The first time I heard her name, she was almost a peer. Just a smidge ahead of me in school (except I wasn’t at Princeton), I knew her name because she’d put her thesis to the test. She theorized about sending new graduates who excel at academics–not necessarily education majors–into the toughest areas of our country, the areas where no one wants to start their teaching career. And then she did it.
She put her idea into practice and my roommate applied to be one of the first teachers selected for Teach for America.

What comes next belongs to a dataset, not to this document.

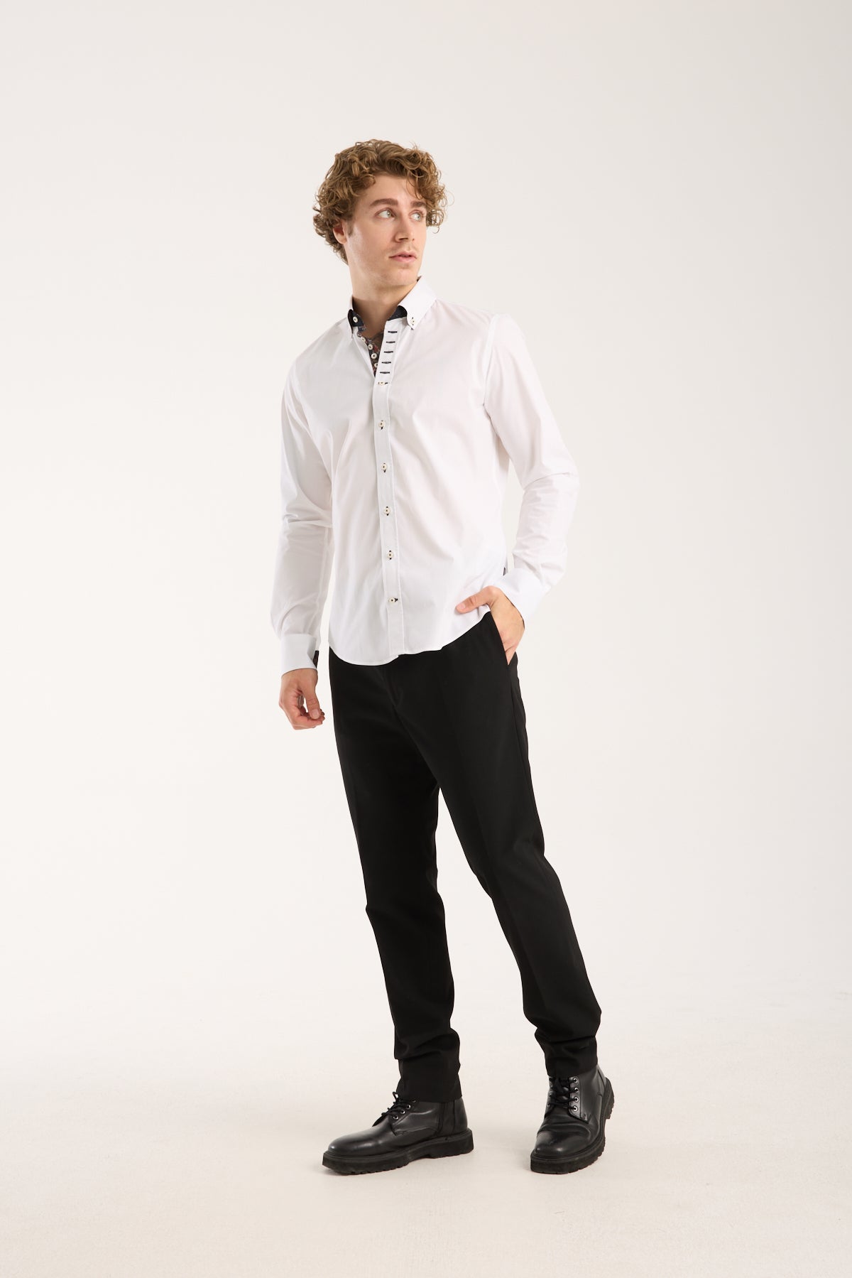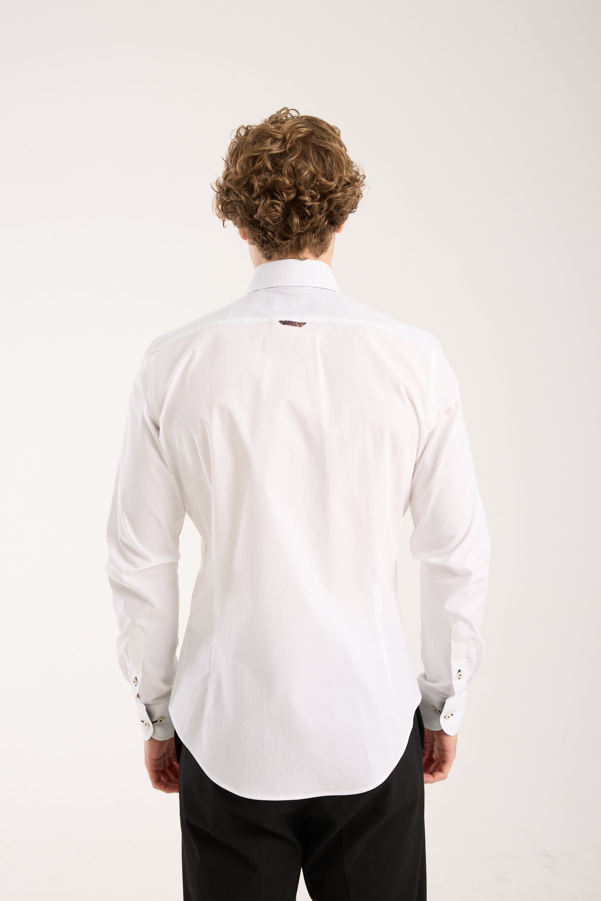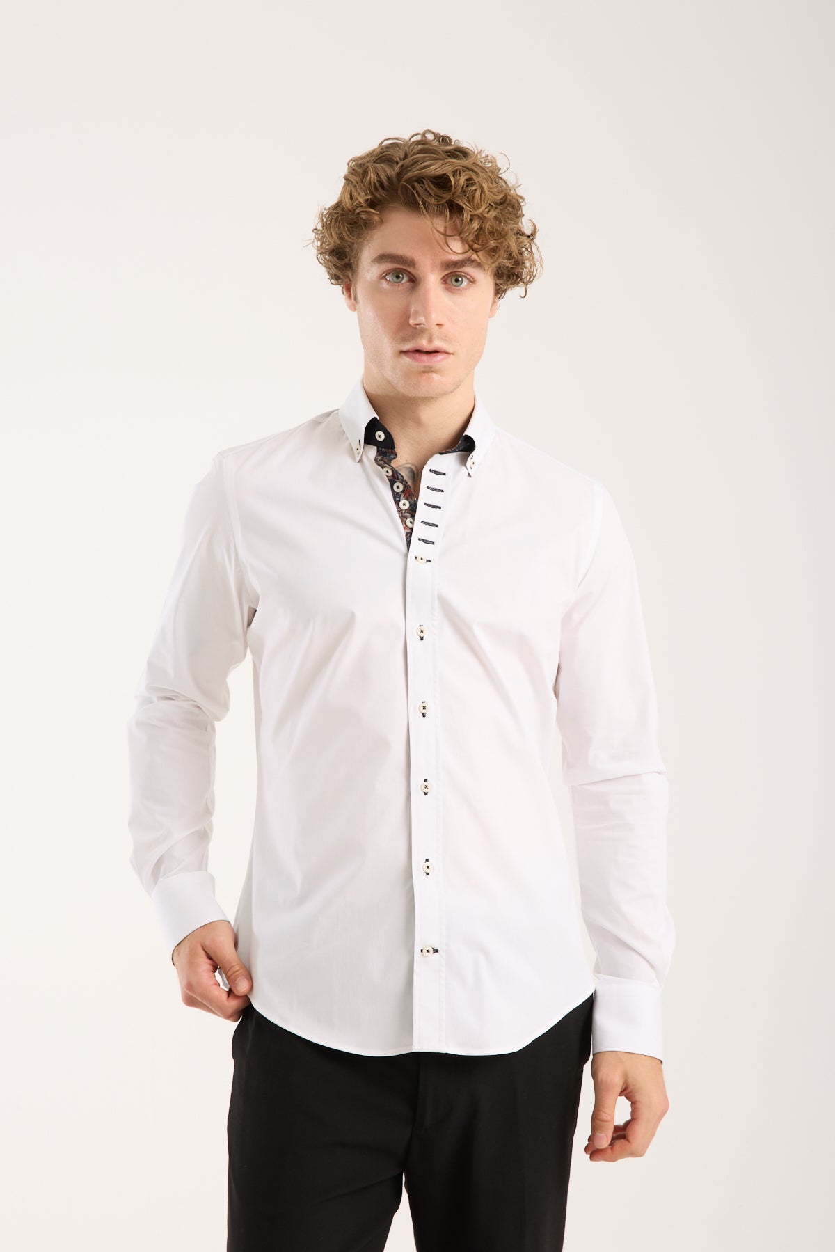 Presentamos nuestra camisa para hombre de ajuste slim, diseóada para resaltar tu figura con elegancia y confort. Esta prenda incluye un cuello abotonado que le da un toque clásico y sofisticado. Con mangas largas y un patrón liso, es ideal para cualquier ocasión, desde un día en la oficina hasta una cena elegante. Fabricada con t tejido popelín elástico, ofrece una sensación suave al tacto y libertad de movimiento. Su color blanco puro contrasta magistralmente con el distintivo interior del cuello, creando un estilo realmente ónico.

My roommate grew up sheltered and, dare I say, privileged, in a beautiful town outside of Minneapolis. We attended a similarly sheltered private school on the east coast. Our friends were accepting jobs with Morgan Stanley and Anderson Consulting. She accepted the role with Teach for America and started teaching in Compton, CA, near Los Angeles. She taught at an elementary school that was padlocked shut at 4:00 each afternoon for safety reasons; better get out of there and safely home before then. She has a lifetime of stories from those two years of teaching.
And Wendy Kopp’s story goes on. TFA’s been around for almost 20 years now. It’s grown and expanded and become the center of many discussions about reforming education in our country. And Ms. Kopp’s grown with it.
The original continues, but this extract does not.